Required action: A faithful, picture-free copy of the listing below is required.

Information shown:
*****

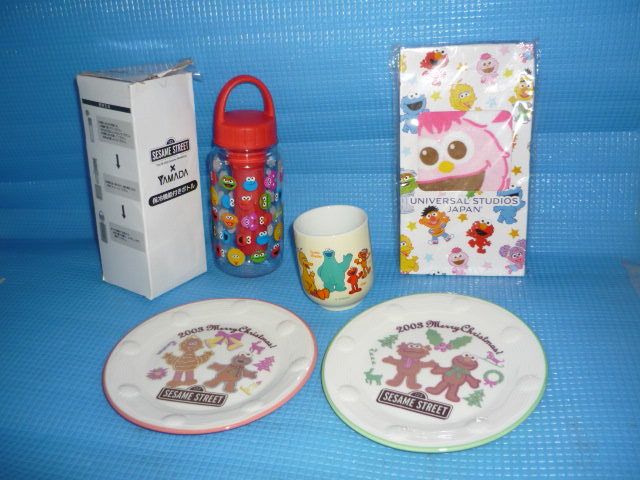 - D★非売品・未使用★2003年ミスタードーナツ×セサミストリート クリスマスプレート2枚と湯呑み他5点
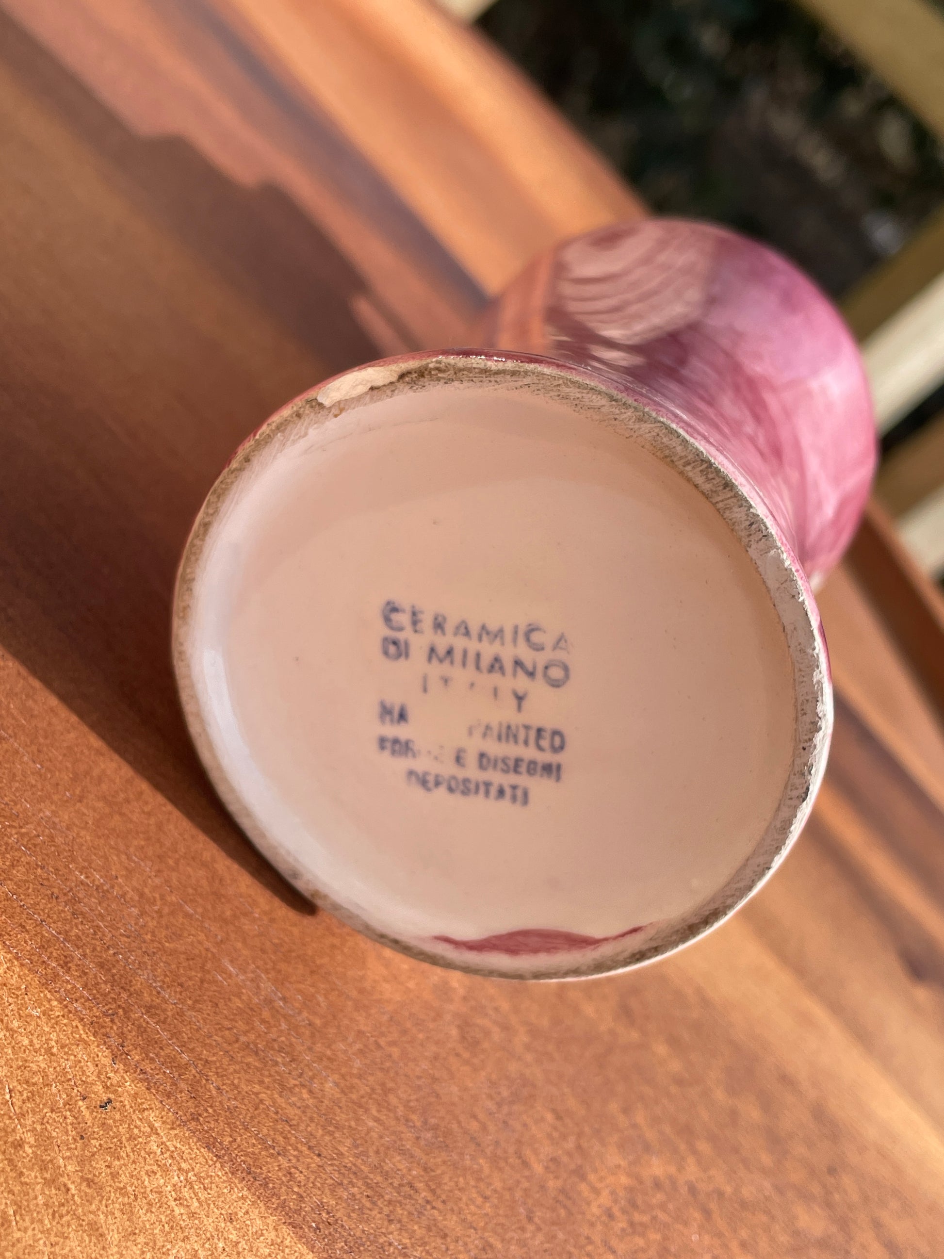 To the base 'Ceramic Di Milan Italy hand painted Forme e Disegni depoitati ' translated as 'Ceramic Di Milan Italy hand painted Shapes and Designs'
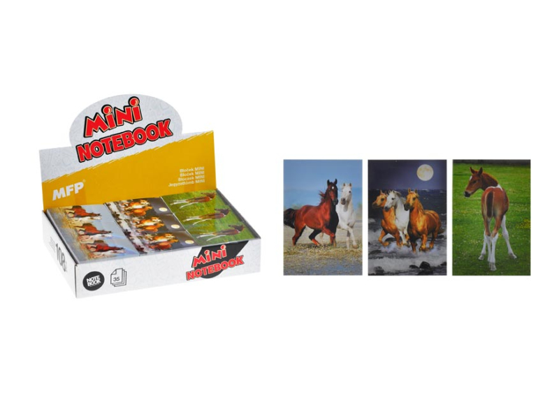 Detský bloček s vodotlačou vhodný na poznámky s motívom koní. Balenie: 108 ks Počet listov: 35 Motív: kone (3 motívy) Všetkých 108 ks je balených v krabičke. Dodávame v mixe podľa skladovej zásoby. Uvedená cena je za 1 ks.
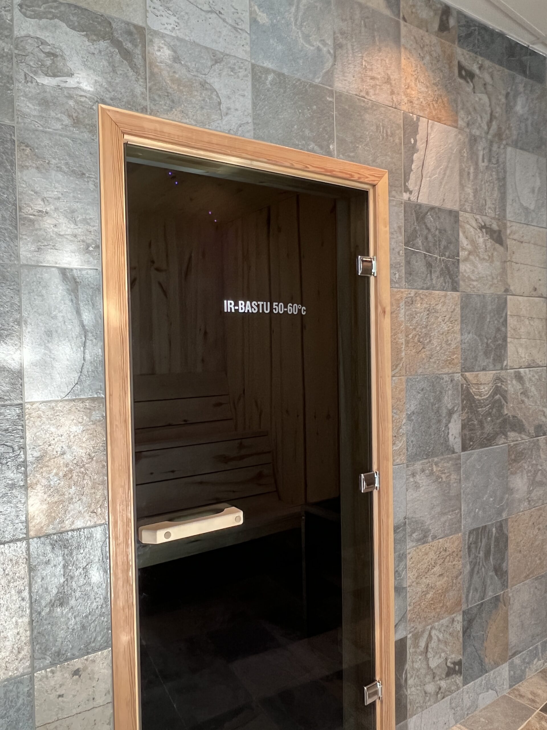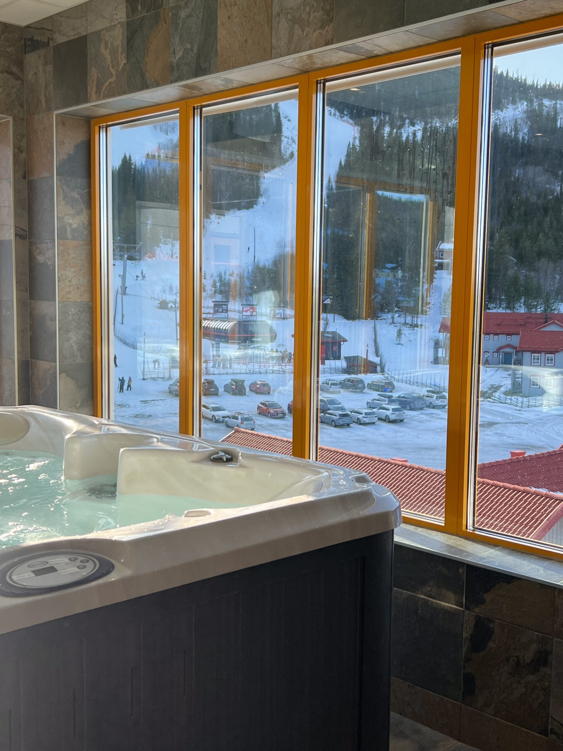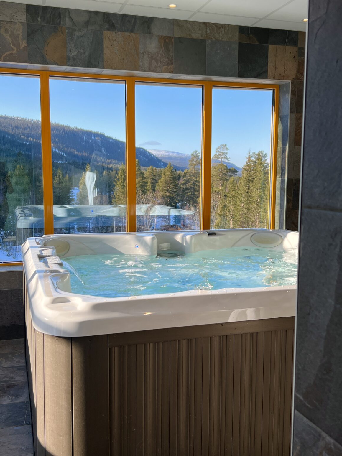 I SPA-avdelningen fanns det mesta man kan behöva för att koppla av ett par timmar. Bubbelbad både utomhus på den stora balkongen och inomhus med utsikt över skog och fjäll. Man kan enkelt själv sköta både bubblor och ljus i poolerna. Det finns ett stort duschrum med flera duschar men även pallar med hinkar om man vill tvaga sig på det sättet eller kanske kasta kallt vatten över sig efter bastun.

*****

Solution:
 - D★非売品・未使用★2003年ミスタードーナツ×セサミストリート クリスマスプレート2枚と湯呑み他5点
 To the base 'Ceramic Di Milan Italy hand painted Forme e Disegni depoitati ' translated as 'Ceramic Di Milan Italy hand painted Shapes and Designs'
 Detský bloček s vodotlačou vhodný na poznámky s motívom koní. Balenie: 108 ks Počet listov: 35 Motív: kone (3 motívy) Všetkých 108 ks je balených v krabičke. Dodávame v mixe podľa skladovej zásoby. Uvedená cena je za 1 ks.
 I SPA-avdelningen fanns det mesta man kan behöva för att koppla av ett par timmar. Bubbelbad både utomhus på den stora balkongen och inomhus med utsikt över skog och fjäll. Man kan enkelt själv sköta både bubblor och ljus i poolerna. Det finns ett stort duschrum med flera duschar men även pallar med hinkar om man vill tvaga sig på det sättet eller kanske kasta kallt vatten över sig efter bastun.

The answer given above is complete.